Résultats : mon placard a été passé en revu pour enlever tout ce qui est à
risque.
Il est très protecteur. Et je le
comprends. Parfois, je le surprends en train de réfléchir lorsqu’il finit une
réunion avec Ali. Je ne doute pas une seconde qu’il pense à Marc. Il est
introuvable et constitue toujours un danger pour nous. Parfois, je me dis que
cette histoire ne finira jamais car elle va bien au-delà du seul individu Marc.
C’est tout un cartel ! C’est inquiétant mais je crois qu’il faut que je
vive ma vie sans penser à tout ça sinon je n’avancerai pas.
Karim a décidé de confier mon cas
à un de ses amis avocats. Il craint de perdre sa crédibilité en me défendant
puisque je suis sa future épouse. Toujours est-il qu’il agit toujours, mais
dans l’ombre, pour faire avancer les choses.
-Finalement tu choisis quoi comme
couleur ? Parce que c’est vraiment important pour commencer le choix de la
décoration. Me demande une des cousines.
-Je voulais du rose et du noir.
Mais pour Karim, c’est hors de question le rose. Trop fifille selon lui.
En parlant du loup, on aperçoit
sa queue. Il salut tout le monde et s’assoit près de moi.
-ça va ? Il se penche pour
embrasser mon ventre.
-Oui, ça va.
En vérité, je mens. Je n’ai pas
pu fermer l’œil de la nuit à cause des douleurs que j’ai ressenti dans les
reins et qui continuent par moment.
-Karim, quelle est ta couleur
préféré ? Demande la cousine qui parlait des couleurs pour le mariage.
-Si c’est à cause de votre
histoire de rose que vous me demander tout ça, soyez sur que je ne veux pas de
rose dans ce mariage. Tout sauf ça.
-Bébé, réponds seulement à la question.
-J’aime le noir.
Tout le monde pousse un cri
faussement exaspéré. Il se moque de nous alors qu’on essaie de lui expliquer
qu’il faut qu’il choisisse une couleur.
Une violente douleur dans les
reins me surprend. Je serre les dents en fermant les yeux. Karim s’en aperçoit
immédiatement.
-Safi ? Tu vas bien ?
Je lève la main pour lui faire
signe de se taire. La douleur augmente en intensité puis s’atténue aussi vite
qu’elle est apparue. Je peux alors ouvrir la bouche pour parler.

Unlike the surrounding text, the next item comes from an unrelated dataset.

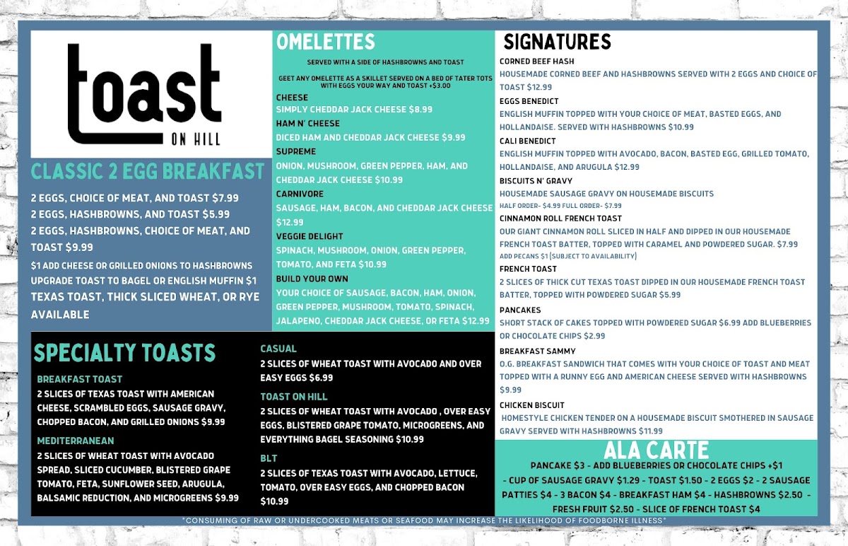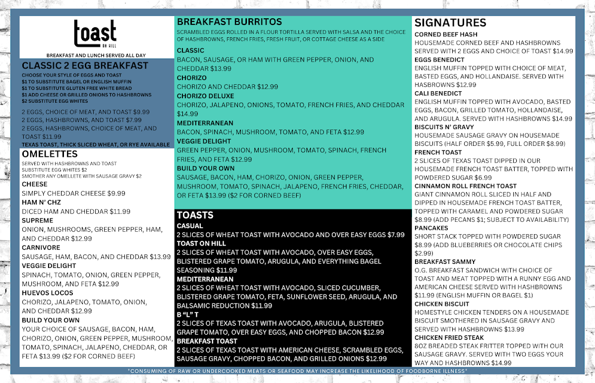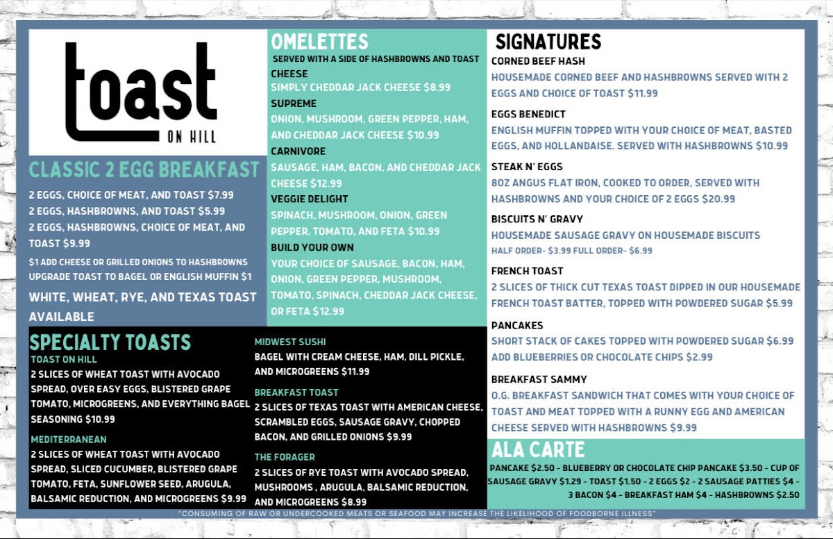 Toast on Hill offers a straightforward yet satisfying diner menu that focuses on classic breakfast and lunch favorites with a comforting, casual vibe. The menu features familiar dishes like biscuits and gravy, hearty burgers, and carefully crafted toasts that blend simple ingredients into approachable meals. Whether you're stopping in for a morning pick-me-up or a relaxed midday bite, the menu fits naturally with the cozy, no-fuss atmosphere of the diner.

-Est-ce qu’on peut aller à
l’hôpital ?
Autour de moi, tout le monde
s’active. Karim sort qu’il ne veut pas que j’aille où que ce soit. Il fera
venir l’hôpital ici. Cet homme-là, il me fatigue. Je souffre et c’est
maintenant qu’il a ses envies de millionnaire.
Je ne suis qu’à sept mois de
grossesse. Et mon cœur de future maman me dit que mes enfants sont en route.